The ring of bright light is pretty much exactly where it is expected to be for the synchrotron radiation emitted by the hot gas to have been gravitationally lensed by a black hole with the same mass as deduced previously from the motion of stars close to the centre of M87.

It is a "picture of a black hole", though all you see is the way it warps the light around it.

Your analogies are poor. It isn't like taking a picture of someone in a dark room. The room here is illuminated and the effects of the black hole on that light have apparently been seen quite clearly. That, by the way is the only method by which you can see someone in an illuminated room, unless you have eyes that detect the mid-infrared light they emit. Of course that option is not available for a black hole, since they emit no light at all.
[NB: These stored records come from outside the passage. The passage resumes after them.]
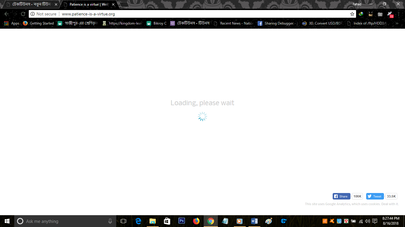 পুরাই লুল মার্কা এই ওয়েবসাইটের আলাদা কোনো বিশেষ গুণ নেই। এই ওয়েবসাইটে গেলে আপনি শুধু দেখবেন যে স্ক্রিণে Loading please wait. নামের কথা ভেসে রয়েছে। তবে এই উদ্ভট ওয়েবসাইটেও আপনি উদ্ভট ভাবে কাজে লাগাতে পারেন, যেমন আপনার কোনো বন্ধুর ব্রাউজারে এই ওয়েবসাইটকে হোমপেজ হিসেবে সেট করে দিন। সে যদি একটু বোকা প্রকৃতির হয় তাহলে পরবর্তী সময় সে যখন তার পিসির ব্রাউজারচালু করবে এবং এই সাইটি হোমপেজ হিসেবে চালু হবে তখন সে ভাববে সে তার ইন্টারনেটের গতি অনেক স্লো হয়ে গিয়েছে! সাইটটির লিংক: http://www.patience-is-a-virtue.org/
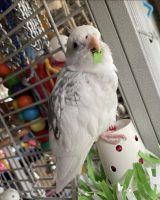 Minnie is two years old. White cockatiel with grey markings on her wings and face. She’s clicker trained and knows her name.
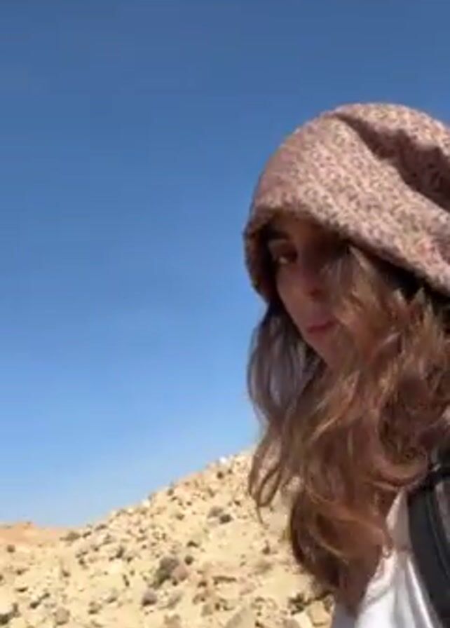 woman with long brown hair and a tan hooded head covering looking at the camera, turning to show a man with a backpack and two water bottles walking away from the camera on a dirt path in a desert-like environment with a blue sky. The path is lined with small rocks and sparse desert vegetation. The man is wearing a white t-shirt, black shorts, and a camo hat. The camera then pans down, focusing on the dirt path and the woman's feet walking on it.
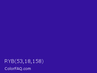 RYB 53,18,158 Color is a normal indigo color and the nearest color is Blue Gem #2c0e8c. Hex code #35129e and RGB value is rgb(53,18,158). In RGB color space, this color is composed of 21% red, 7% green, 62% blue, In CMYK color space, this color is composed of 66% cyan, 89% magenta, 0% yellow , 38% black , In HSL color space, this color has a hue angle of 255° , 80% saturation and 35% lightness.
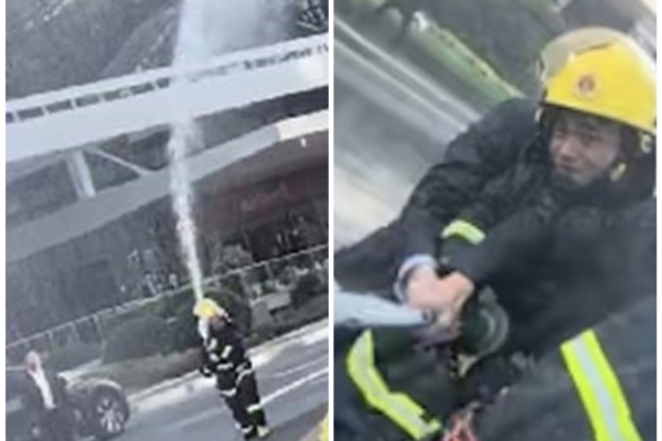 视频中拿高压水枪的人穿着消防服,留言区有网民不禁询问,“这啥情况?消防员拿水枪冲你们?”拍摄视频的农民工回复说,“应该是保安,每个楼都有临时消防站,有衣服。”
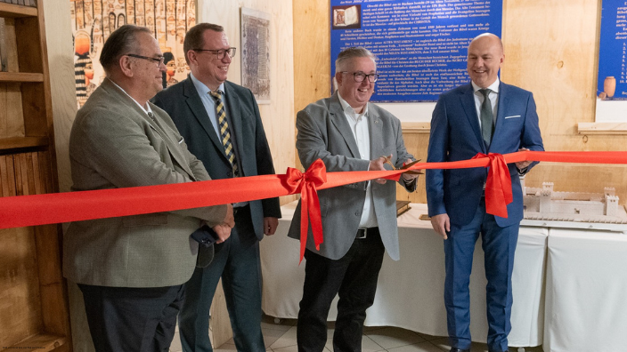 Am späten Sonntag Nachmittag war ich noch bei der Evangeliums-Christen-Baptistengemeinde Sankt Augustin in #Mülldorf eingeladen. Ich durfte hier offiziell eine #Bibel-Ausstellung eröffnen, die noch bis zum 19. Oktober 2025 zu sehen ist. Das rote Band war schnell durchgeschnitten. Anschließend habe...
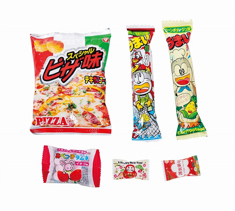 [セット内容] テキサスコーンピザ味×1 うまい棒×2 あべっ子ラムネ×1 迎春キャンディ×2

Your other analogy is also curious. A cursory glance at the sky reveals it is full of air molecules. That is why it is blue. Your view though lacks the angular resolution to see individual air molecules, so you would not be able to see them.

Here, the resolution of the "telescope" is just good enough to reveal the essential structure and size of the photon ring.

Finally, why isn't it a picture of an accretion disk? As I said, it is expected that the disk is optically thin and actually much bigger than the imaged area. Emission from the disk would not be expected to show anything but a haze with a vague central concentration. Given the spatial resolution of the image, what has actually been seen is a sharp, bright ring.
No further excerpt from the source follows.